WHAT TO PRODUCE:
Taking the entries below, transcribe only the lines starting with the one with "在隧道裝修方面,入口設(sh" and going on through the one with "Der AMA Verband", exactly as written, without the pictures.

------ SOURCE INFORMATION

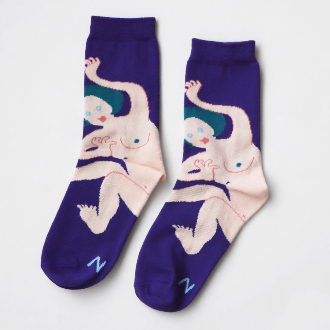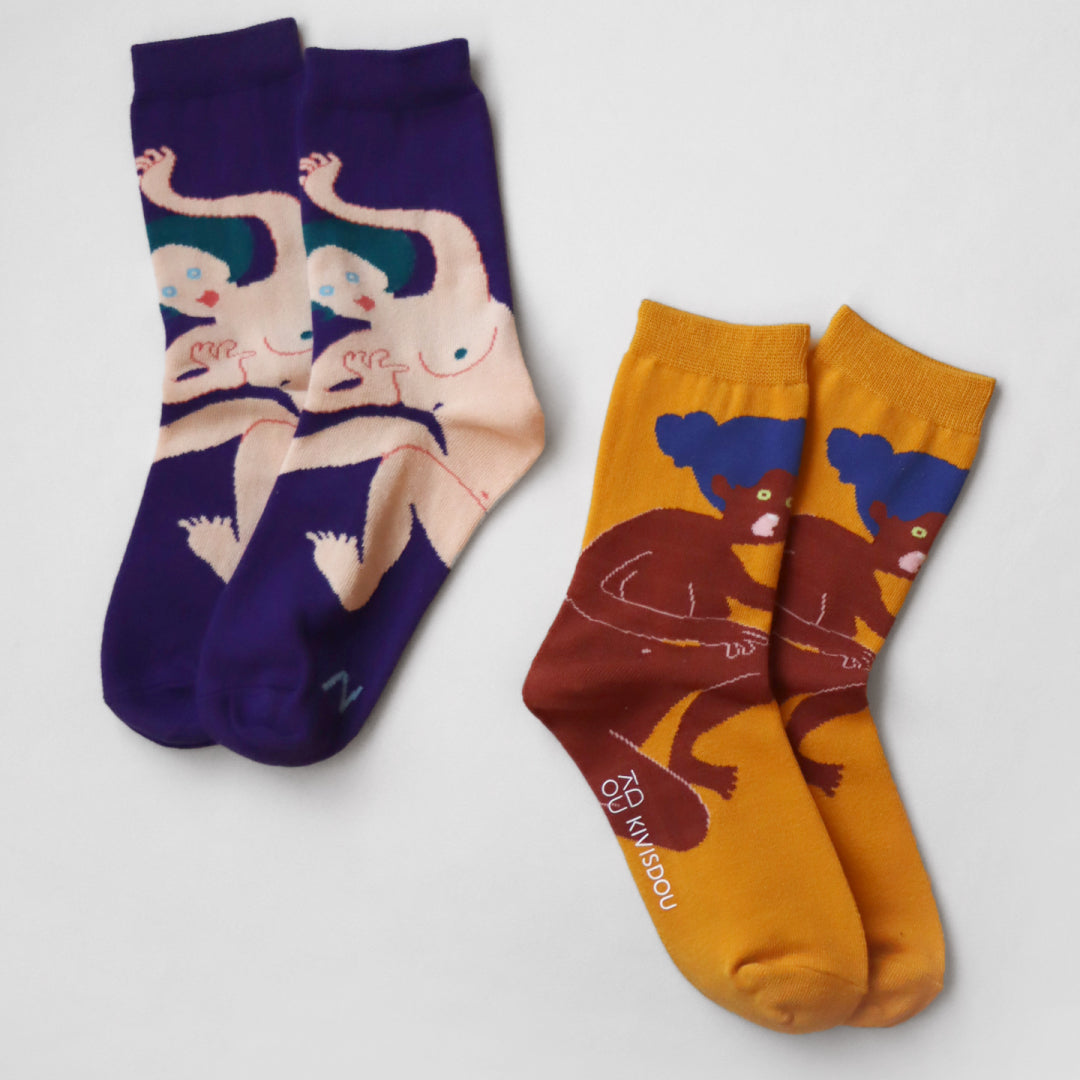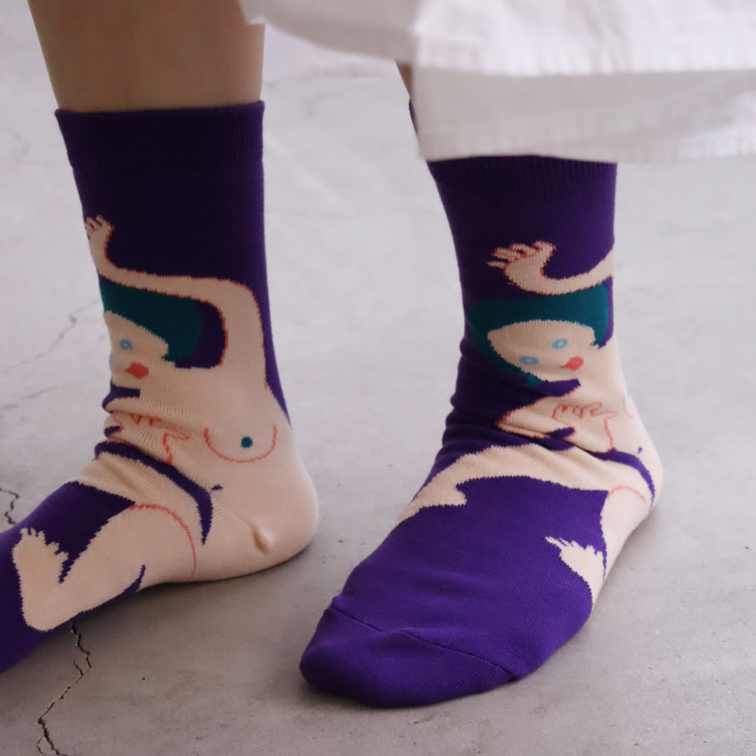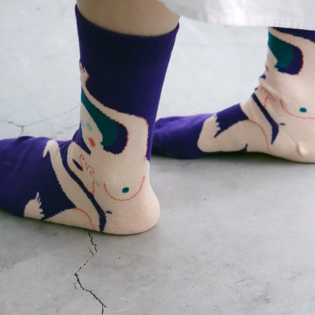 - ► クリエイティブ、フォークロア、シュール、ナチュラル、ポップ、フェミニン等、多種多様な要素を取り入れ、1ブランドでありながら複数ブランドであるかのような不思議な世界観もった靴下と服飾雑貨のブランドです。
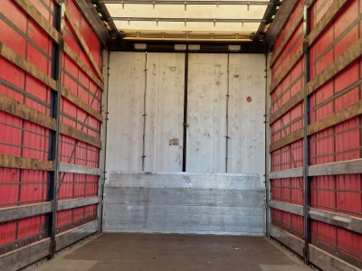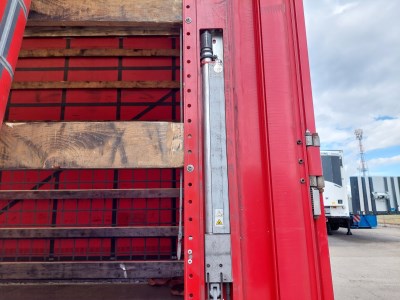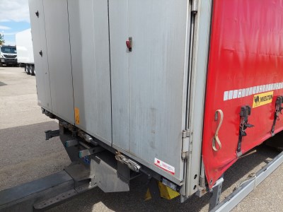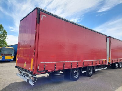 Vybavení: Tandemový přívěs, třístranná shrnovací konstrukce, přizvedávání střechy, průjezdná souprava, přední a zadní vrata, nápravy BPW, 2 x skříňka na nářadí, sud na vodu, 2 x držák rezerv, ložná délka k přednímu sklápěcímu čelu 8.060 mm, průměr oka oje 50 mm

------------
------ SOURCE INFORMATION

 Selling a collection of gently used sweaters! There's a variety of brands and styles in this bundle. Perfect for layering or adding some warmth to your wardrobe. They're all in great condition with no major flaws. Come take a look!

------------
------ SOURCE INFORMATION

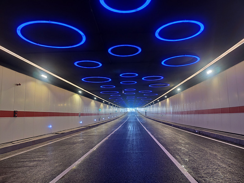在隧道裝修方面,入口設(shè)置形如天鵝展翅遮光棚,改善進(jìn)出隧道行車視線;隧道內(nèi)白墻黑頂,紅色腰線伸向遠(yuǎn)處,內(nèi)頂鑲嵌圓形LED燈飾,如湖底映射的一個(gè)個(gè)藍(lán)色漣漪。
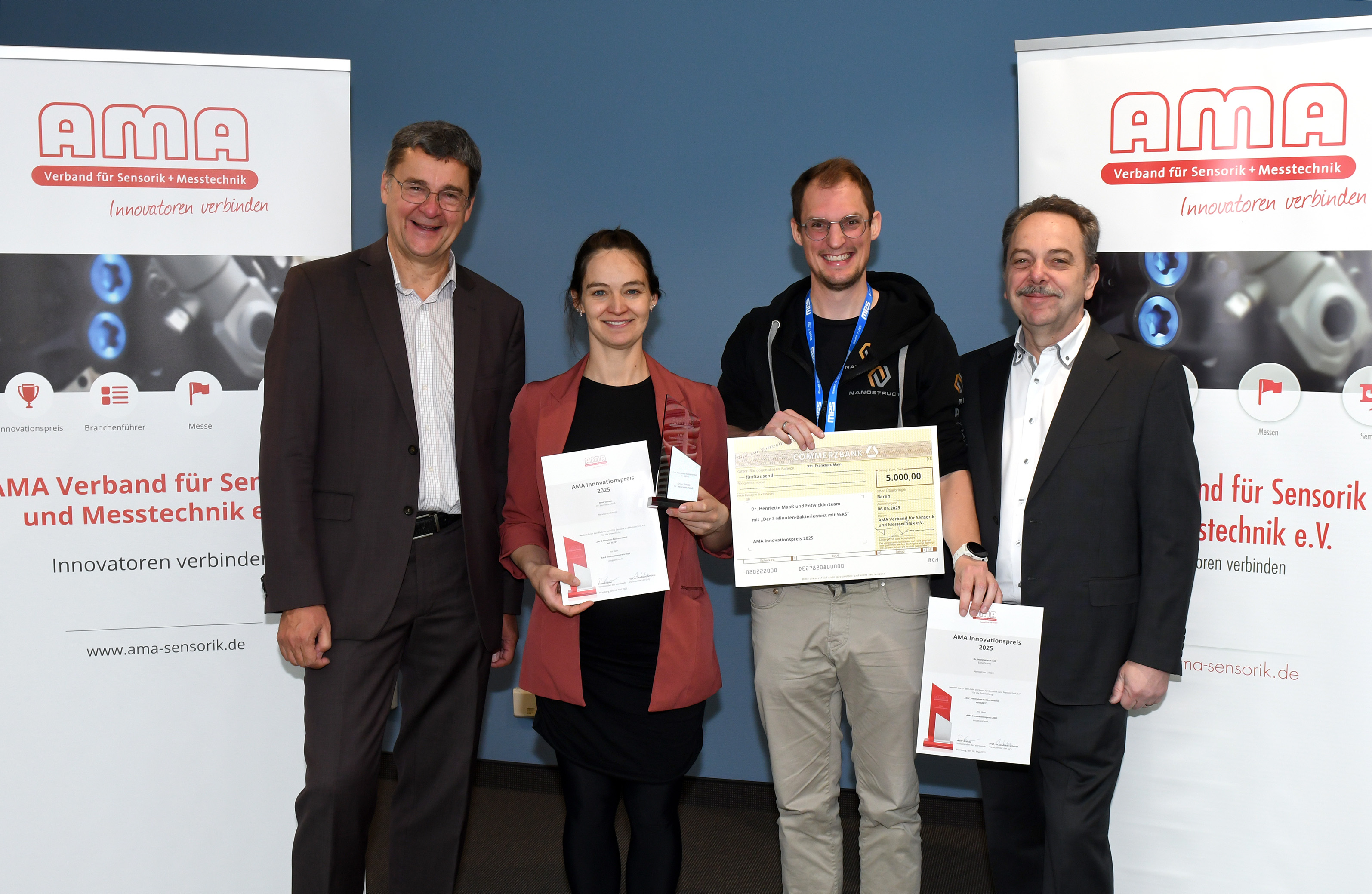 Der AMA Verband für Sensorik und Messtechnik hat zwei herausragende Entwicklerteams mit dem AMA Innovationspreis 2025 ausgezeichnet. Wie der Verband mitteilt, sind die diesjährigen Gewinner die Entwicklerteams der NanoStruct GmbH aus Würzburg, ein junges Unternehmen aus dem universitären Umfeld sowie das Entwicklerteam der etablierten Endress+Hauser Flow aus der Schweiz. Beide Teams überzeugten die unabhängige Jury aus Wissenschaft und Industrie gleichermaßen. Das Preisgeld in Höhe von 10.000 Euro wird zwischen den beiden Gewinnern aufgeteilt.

------------

RESPONSE BELOW:
在隧道裝修方面,入口設(shè)置形如天鵝展翅遮光棚,改善進(jìn)出隧道行車視線;隧道內(nèi)白墻黑頂,紅色腰線伸向遠(yuǎn)處,內(nèi)頂鑲嵌圓形LED燈飾,如湖底映射的一個(gè)個(gè)藍(lán)色漣漪。
 Der AMA Verband für Sensorik und Messtechnik hat zwei herausragende Entwicklerteams mit dem AMA Innovationspreis 2025 ausgezeichnet. Wie der Verband mitteilt, sind die diesjährigen Gewinner die Entwicklerteams der NanoStruct GmbH aus Würzburg, ein junges Unternehmen aus dem universitären Umfeld sowie das Entwicklerteam der etablierten Endress+Hauser Flow aus der Schweiz. Beide Teams überzeugten die unabhängige Jury aus Wissenschaft und Industrie gleichermaßen. Das Preisgeld in Höhe von 10.000 Euro wird zwischen den beiden Gewinnern aufgeteilt.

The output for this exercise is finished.